DATASET EXTRACT:
____________

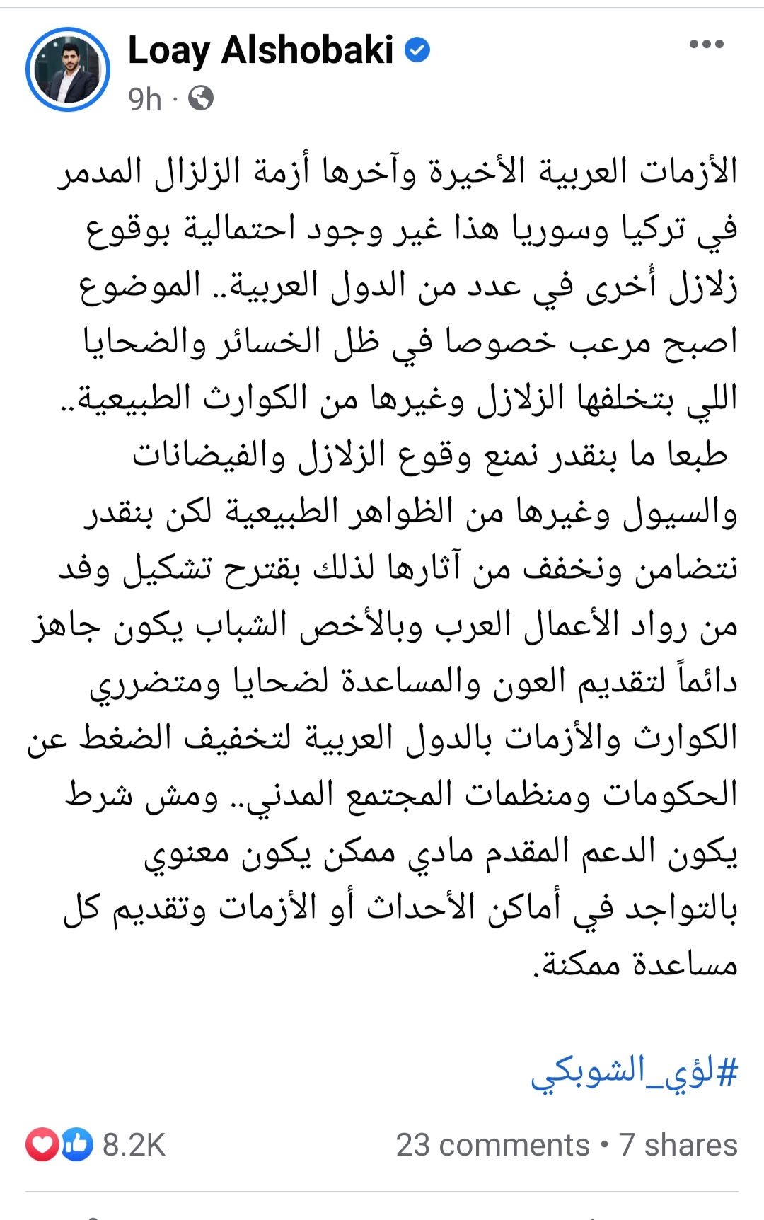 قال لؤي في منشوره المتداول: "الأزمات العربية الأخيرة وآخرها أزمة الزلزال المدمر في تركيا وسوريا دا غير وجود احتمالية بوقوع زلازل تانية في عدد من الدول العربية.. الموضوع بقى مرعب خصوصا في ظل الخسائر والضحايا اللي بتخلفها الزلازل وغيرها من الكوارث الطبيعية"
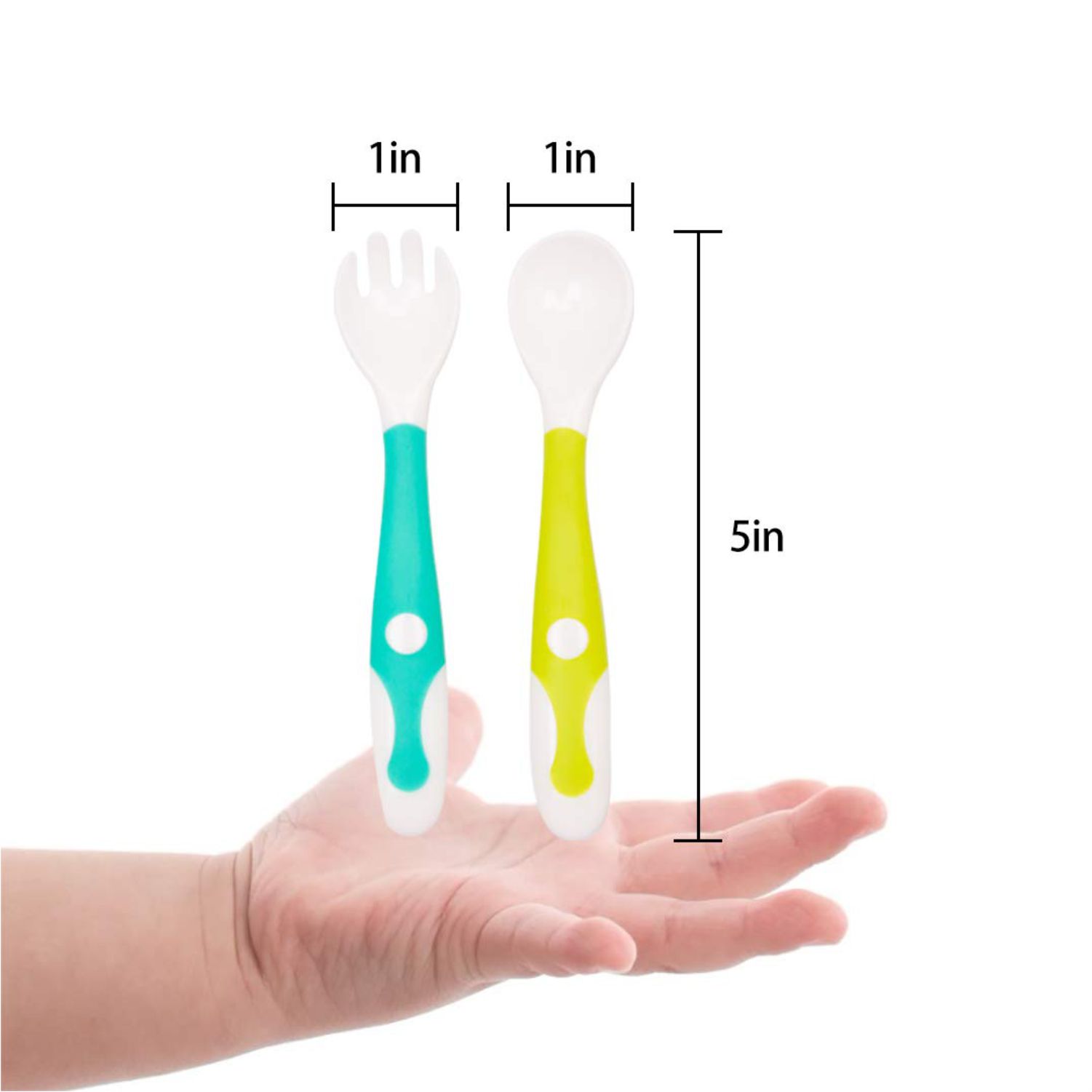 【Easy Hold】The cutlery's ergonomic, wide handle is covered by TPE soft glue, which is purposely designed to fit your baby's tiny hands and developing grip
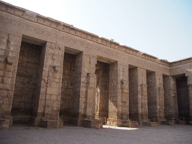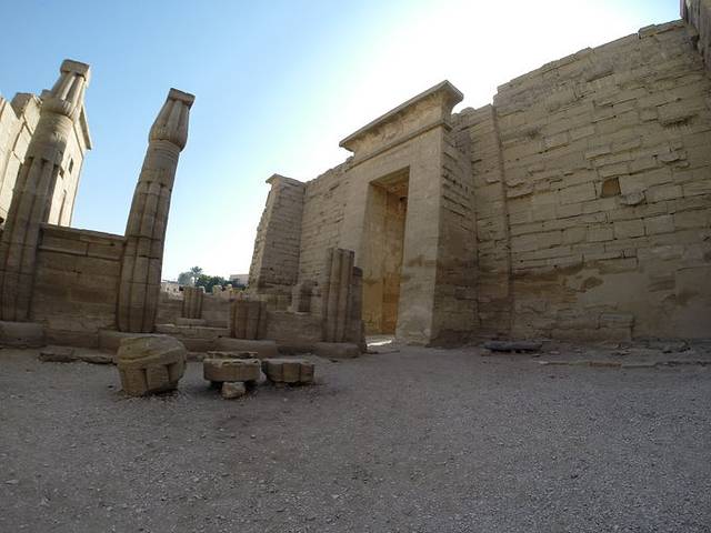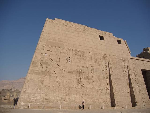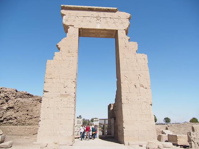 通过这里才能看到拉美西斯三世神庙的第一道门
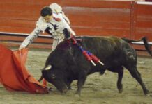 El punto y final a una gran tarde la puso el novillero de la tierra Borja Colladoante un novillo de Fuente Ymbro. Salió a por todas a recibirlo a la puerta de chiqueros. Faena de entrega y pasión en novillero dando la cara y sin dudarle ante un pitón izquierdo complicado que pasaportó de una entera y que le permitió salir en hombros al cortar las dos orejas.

____________

TASK INSTRUCTIONS:
Retype each line of the listing above word for word. Exclude the pictures.

ANSWER BOX:
 قال لؤي في منشوره المتداول: "الأزمات العربية الأخيرة وآخرها أزمة الزلزال المدمر في تركيا وسوريا دا غير وجود احتمالية بوقوع زلازل تانية في عدد من الدول العربية.. الموضوع بقى مرعب خصوصا في ظل الخسائر والضحايا اللي بتخلفها الزلازل وغيرها من الكوارث الطبيعية"
 【Easy Hold】The cutlery's ergonomic, wide handle is covered by TPE soft glue, which is purposely designed to fit your baby's tiny hands and developing grip
 通过这里才能看到拉美西斯三世神庙的第一道门
 El punto y final a una gran tarde la puso el novillero de la tierra Borja Colladoante un novillo de Fuente Ymbro. Salió a por todas a recibirlo a la puerta de chiqueros. Faena de entrega y pasión en novillero dando la cara y sin dudarle ante un pitón izquierdo complicado que pasaportó de una entera y que le permitió salir en hombros al cortar las dos orejas.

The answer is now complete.